I guess O'Leary forgot the period during the mayoral race when Andrew Cuomo incessantly attacked Mamdani for living in a rent-stabilized apartment in Queens.





A New York Post story about Cuomo's attacks appeared under the headline "Champagne Socialist Zohran Mamdani Slammed for Hogging $2,300 Apartment — Despite Six-Figure Salary, Wealthy Family"; it included a photo of Mamdani's building. Other news outlets published Mamdani's address. And, of course, every New Yorker knows where Mamdani lives now, because he's moved into Gracie Mansion, the city-owned mayoral residence.

Mamdani haters routinely ascribe great wealth to him, even though his father is a college professor and his mother makes art-market films, none of which have made as much money at the box office as the Michael Jackson biopic made yesterday alone.

Ken Griffin, by contrast, has a net worth of more than $50 billion. And it's not as if his many real estate purchases are a secret -- this 2020 CNBC story not only reports on (and gives the address of) Griffin's $238 million apartment in New York, it also provides a photograph and the address for his
16,000-square-foot mansion located near Buckingham Palace in the heart of London. The home, which is the most expensive home sold in London since 2008, is a 19th Century townhouse that previously housed French statesman Charles de Gaulle during World War II. The mansion features an indoor swimming pool and spa, staff quarters and private gardens.

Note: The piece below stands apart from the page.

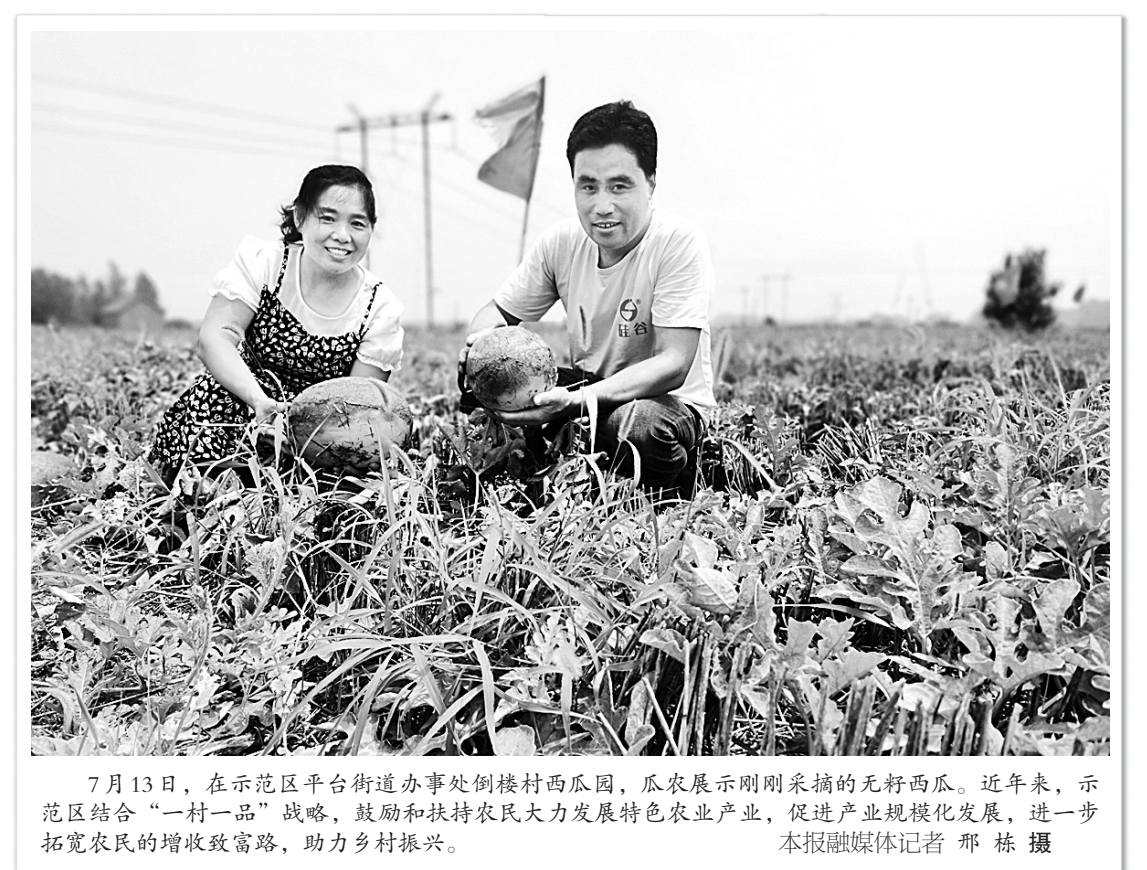
7月13日,在示范区平台街道办事处西楼村西瓜园,瓜农展示刚刚采摘的无籽西瓜。近年来,示范区结合“一村一品”战略,鼓励和扶持农民大力发展特色农业产业,促进产业规模化发展,进一步拓宽农民的增收致富路,助力乡村振兴。

We also get a link to a story about Griffin's 2018 purchase of the most expensive home in Chicago, a four-story condo bought for $58.5 million; the story includes the building's address and a photo of the lobby. (Griffin also has homes in Miami, Aspen, and Hawaii, CNBC tells us.)

So Griffin's properties, like the properties owned by most rich and famous people, aren't shrouded in mystery. It's easy to find out where they are. The rich have to keep themselves safe (and they certainly have the money to do so).

The Gothamist story tells us that Mamdani might cost the city some jobs:
“Attacking one of the city’s largest and most important employers is definitely a strategy, but it’s not a good one,” said Howard Wolfson, who worked as a top aide to former Mayor Michael Bloomberg, on X.

“Ken’s company is a major employer in NYC of very high paying jobs which drive a considerable amount of our tax base,” said Bill Ackman, a fellow billionaire and critic of the mayor. “We wouldn’t want him to move even more employees to Miami.”
The thin-skinned Griffin moved his company's Chicago operations to Miami in response to a referendum that, if passed, would have raised rich people's income taxes; he did this while spending $50 million in a successful campaign to defeat the referendum.

Would Griffin do the same thing to New York? Maybe. But his company, Citadel is not really "one of the city’s largest and most important employers." It employs 1,346 people in the city, far fewer people than the six-figure head counts of companies such as Ernst & Young and JPMorgan Chase. And even many ordinary right-wing voters understand now that the rich aren't paying enough in taxes. Economic populism might eventually come for Ken Griffin no matter where he is.

Griffin is highly unlikely to be killed because of Mamdani's video -- and besides, how risky is it to show his New York apartment building if he doesn't actually live there? And wouldn't people be less angry at Griffin if they thought he was willingly paying his fair share of taxes?